Personal information
- Full name: James Shoulder
- Date of birth: 11 September 1946 (age 79)
- Place of birth: Esh Winning, England
- Position: Left-back

Senior career*
- Years: Team / Apps / (Gls)
- 1964–1969: Sunderland / 3 / (0)
- 1967: Vancouver Royals / 5 / (1)
- 1969–1973: Scarborough / 224 / (15)
- 1973–1975: Hartlepool United / 63 / (3)
- Total:  / 295 / (19)

Managerial career
- 1976–1978: Australia
- 1985: Australia national under-20 football team
- 1990–2001: Wales U21
- 2004: Singapore Armed Forces FC

= Jim Shoulder =

English footballer and manager

James Shoulder (born 11 September 1946) is an English former football manager and player. Most notably, he was manager of the Australian national team from 1976 to 1978.

As a player, Shoulder spent time at Sunderland, Scarborough and Hartlepool United. He combined his football career with higher education and graduated with a degree in Sociology from Durham University in 1973.

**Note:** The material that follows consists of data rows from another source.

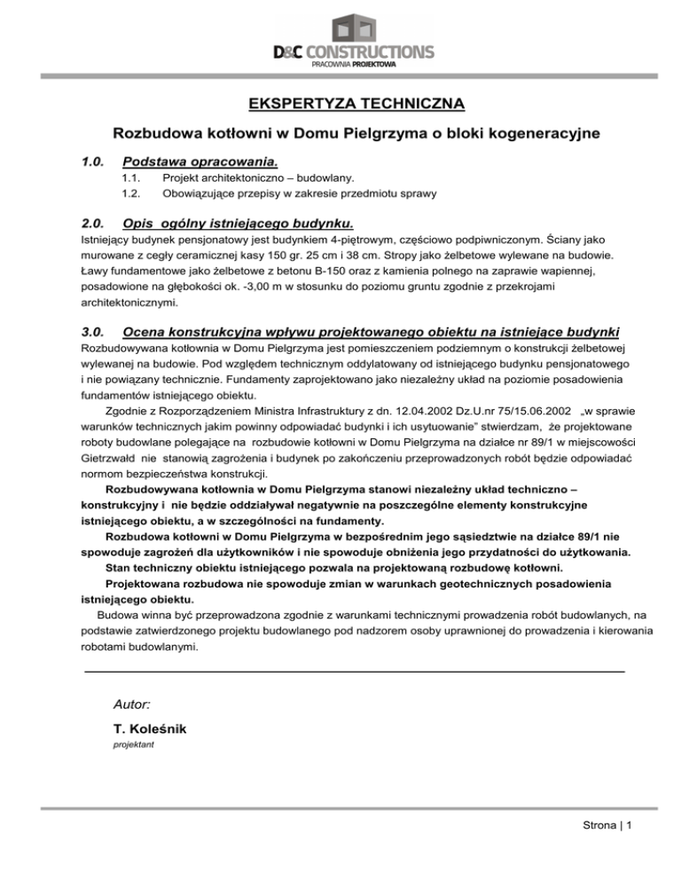EKSPERTYZA TECHNICZNA Rozbudowa kotłowni w Domu Pielgrzyma o bloki kogeneracyjne 1.0. 2.0. Podstawa opracowania. 1.1. Projekt architektoniczno – budowlany. 1.2. Obowiązujące przepisy w zakresie przedmiotu sprawy Opis ogólny istniejącego budynku. Istniejący budynek pensjonatowy jest budynkiem 4-piętrowym, częściowo podpiwniczonym. Ściany jako murowane z cegły ceramicznej kasy 150 gr. 25 cm i 38 cm. Stropy jako żelbetowe wylewane na budowie. Ławy fundamentowe jako żelbetowe z betonu B-150 oraz z kamienia polnego na zaprawie wapiennej, posadowione na głębokości ok. -3,00 m w stosunku do poziomu gruntu zgodnie z przekrojami architektonicznymi. 3.0. Ocena konstrukcyjna wpływu projektowanego obiektu na istniejące budynki Rozbudowywana kotłownia w Domu Pielgrzyma jest pomieszczeniem podziemnym o konstrukcji żelbetowej wylewanej na budowie. Pod względem technicznym oddylatowany od istniejącego budynku pensjonatowego i nie powiązany technicznie. Fundamenty zaprojektowano jako niezależny układ na poziomie posadowienia fundamentów istniejącego obiektu. Zgodnie z Rozporządzeniem Ministra Infrastruktury z dn. 12.04.2002 Dz.U.nr 75/15.06.2002 „w sprawie warunków technicznych jakim powinny odpowiadać budynki i ich usytuowanie” stwierdzam, że projektowane roboty budowlane polegające na rozbudowie kotłowni w Domu Pielgrzyma na działce nr 89/1 w miejscowości Gietrzwałd nie stanowią zagrożenia i budynek po zakończeniu przeprowadzonych robót będzie odpowiadać normom bezpieczeństwa konstrukcji. Rozbudowywana kotłownia w Domu Pielgrzyma stanowi niezależny układ techniczno – konstrukcyjny i nie będzie oddziaływał negatywnie na poszczególne elementy konstrukcyjne istniejącego obiektu, a w szczególności na fundamenty. Rozbudowa kotłowni w Domu Pielgrzyma w bezpośrednim jego sąsiedztwie na działce 89/1 nie spowoduje zagrożeń dla użytkowników i nie spowoduje obniżenia jego przydatności do użytkowania. Stan techniczny obiektu istniejącego pozwala na projektowaną rozbudowę kotłowni. Projektowana rozbudowa nie spowoduje zmian w warunkach geotechnicznych posadowienia istniejącego obiektu. Budowa winna być przeprowadzona zgodnie z warunkami technicznymi prowadzenia robót budowlanych, na podstawie zatwierdzonego projektu budowlanego pod nadzorem osoby uprawnionej do prowadzenia i kierowania robotami budowlanymi. Autor: T. Koleśnik projektant Strona | 1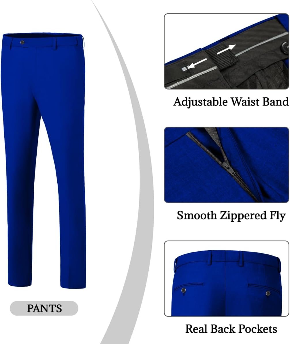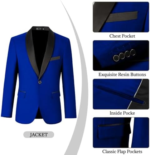• OCCASIONS — This suit set is with slim fit cut from 3D draping. Easy to match with any formal/business tuxedo shirt in any dinner, banquet, wedding, prom, evening, party, ball, graduation, ceremony, celebration, halloween, christmas, new year, festival, cruise, performance, dating, meeting, yacht party, magician, chorus, etc. From formal to informal, suitable for various occasions. It is also a great surprise for your friend, father, husband, brother and son.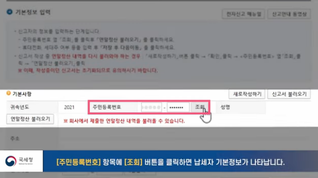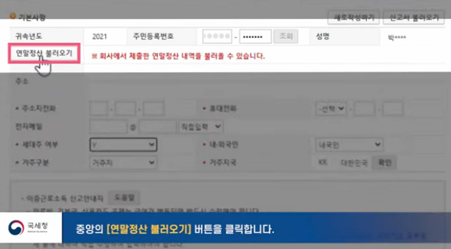 이후 주민등록화면에서 조회버튼을 클릭하면 납세자 기본정보가 나옵니다. 그리고 귀속연도 아래의 연말정산 불러오기 버튼을 클릭하면 됩니다.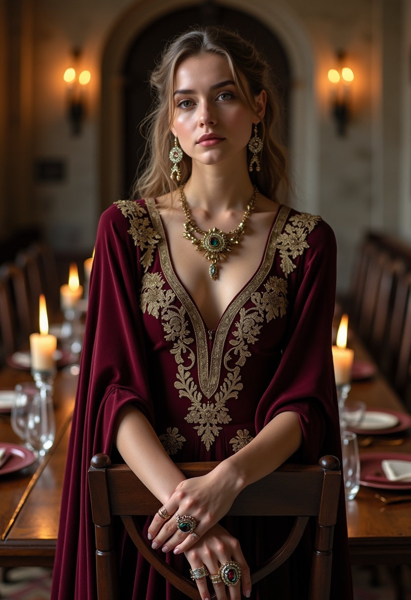 Женщина в платье цвета тёмного вина с золотой вышивкой и массивными кольцами с камнями стоит у огромного деревянного стола, украшенного серебряной посудой и свечами. Её руки сложены на спинке стула, а взгляд направлен прямо в камеру. Позади видны стены замка с готической архитектурой. Освещение тёплое, акцент на её украшениях.

Shoulder was manager of the Australian national team from 1976 to 1978, after succeeding Brian Green, who had been charged and convicted of stealing two LP records. After failing to secure Australia's qualification to the 1978 FIFA World Cup in Argentina, Shoulder was sacked, and replaced by Rudi Gutendorf. Later, Shoulder would head the Australian Institute of Sport Football Program, as well as coach the Australia national under-20 football team. Shoulder would also coach throughout Asia, and spent ten years as manager of the Welsh under-21 team. He was the director of football academy Shinzhon Town in China, coach of academy Sheffield Wednesday, the head coach Singapore Armed Forces FC (Singapore) and worked with the academy at FC Pakhtakor.